Les réseaux sont ainsi de grands consommateurs de cuivre, alors que l’ensemble de nos équipements nécessite pour leurs fonctions technologiques une quantité de petits métaux (tantale, gallium, germanium) et métaux précieux (or, platine). Bien que consommés en très faibles quantités, ces métaux sont vite devenus indispensables, par leurs caractéristiques exceptionnelles, pour amplifier les performances de nos équipements. Cette consommation s’inscrit dans un contexte de forte hausse de la demande mondiale de métaux, aussi bien en volume qu’en diversité des métaux consommés.
S’il n’y a pas à moyen terme de risque d’un épuisement des ressources métalliques, cette forte croissance de la demande peut engendrer des tensions d’approvisionnement, liées notamment à l’interdépendance économique entre métaux, qui contraint structurellement la disponibilité de certains petits métaux, ou à la compétition entre les usages.
L’extraction et le raffinage de ces métaux nécessitent de l’énergie, le plus souvent carbonée, et de grandes quantités d’eau, et contribuent à l’augmentation des émissions de gaz à effet de serre, ainsi qu’à l’amplification du stress hydrique dans les pays producteurs.
À l’autre bout de la chaîne, la croissance de la consommation de matière se retrouve dans la croissance des déchets : depuis le début des années 2000, du fait de la croissance de la consommation et de l’accélération du rythme de remplacement des équipements, la quantité de déchets d’équipements électriques et électroniques (DEEE) générée annuellement à l’échelle mondiale ne cesse de progresser. Elle devrait ainsi atteindre 52 millions de tonnes en 2021 (contre 45 millions de tonnes en 2016), dont un quart de déchets du numérique. La plupart de ces déchets sont mis en décharge, brûlés ou ont fait l'objet d'un commerce illégal et d'un traitement non conforme aux normes.
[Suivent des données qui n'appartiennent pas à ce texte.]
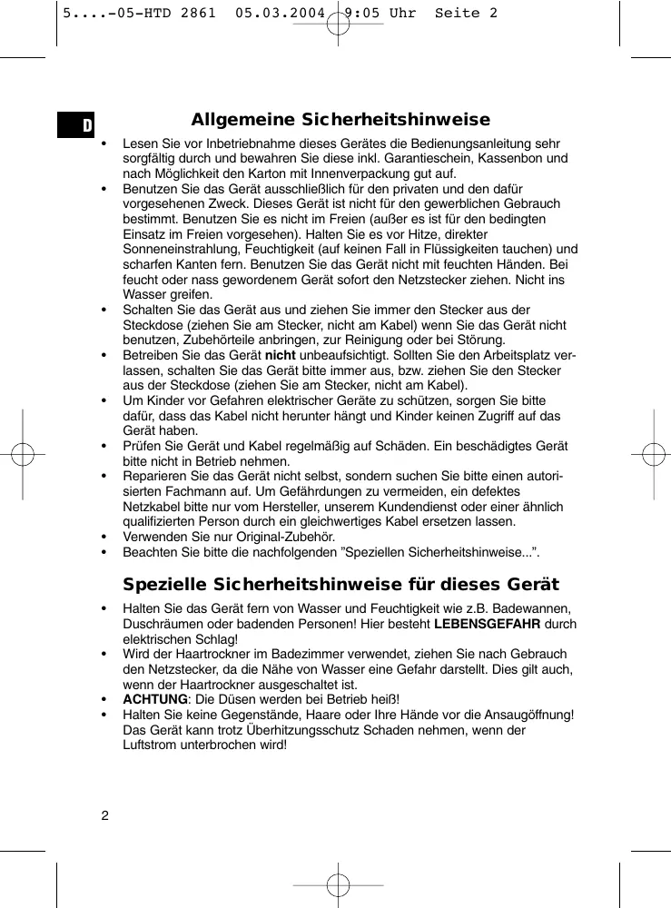 HTD 2861 - Haartrockner CLATRONIC - Kostenlose Bedienungsanleitung

Cette absence de gestion de la fin de vie est d’autant plus inquiétante que les DEEE sont des déchets dangereux et polluants.
La réponse traditionnelle aux problèmes liés à la consommation croissante en métaux nécessaires pour alimenter notre modèle de consommation numérique et aux déchets qu’elle produit a été et reste encore très largement limitée aux politiques de recyclage. Néanmoins, si les grands métaux (cuivre, fer, etc.) et les métaux précieux (or, platine) sont relativement bien recyclés, la majorité l’est très peu. En particulier, la quasi-totalité des petits métaux utilisés pour les fonctions high-tech dans le secteur numérique n’est quasiment pas recyclée.
Plusieurs raisons techniques ou économiques limitent le développement du recyclage de ces métaux :
- ces petits métaux, présents dans des quantités très faibles, sont le plus souvent utilisés sous la forme d’alliages complexes. Or, si ces alliages permettent d’amplifier les performances notamment énergétiques et rendent possible la miniaturisation des équipements, ils complexifient énormément le recyclage ;
- l’industrialisation des processus de recyclage dans le numérique est par ailleurs complexifiée par la multiplicité des équipements ;
- les métaux subissent une « dégradation de l’usage » : le métal recyclé peut perdre une partie de ses performances technologiques.
Par ailleurs, du fait de la croissance de notre consommation et du décalage temporel et spatial entre production et recyclage, le recyclage de nos équipements ne permettra jamais de couvrir l’ensemble de nos besoins.
Face aux enjeux environnementaux, le recyclage des métaux contenus dans les équipements numériques ne peut donc pas constituer l’unique réponse et doit s’accompagner de politiques visant à réduire notre consommation de matière primaire.
Ce document de travail, premier d’une série de trois documents, s’appuie sur les travaux présentés lors d’un cycle de séminaires sur l’impact environnemental du numérique qui s’est tenu à France Stratégie en 2018-2019.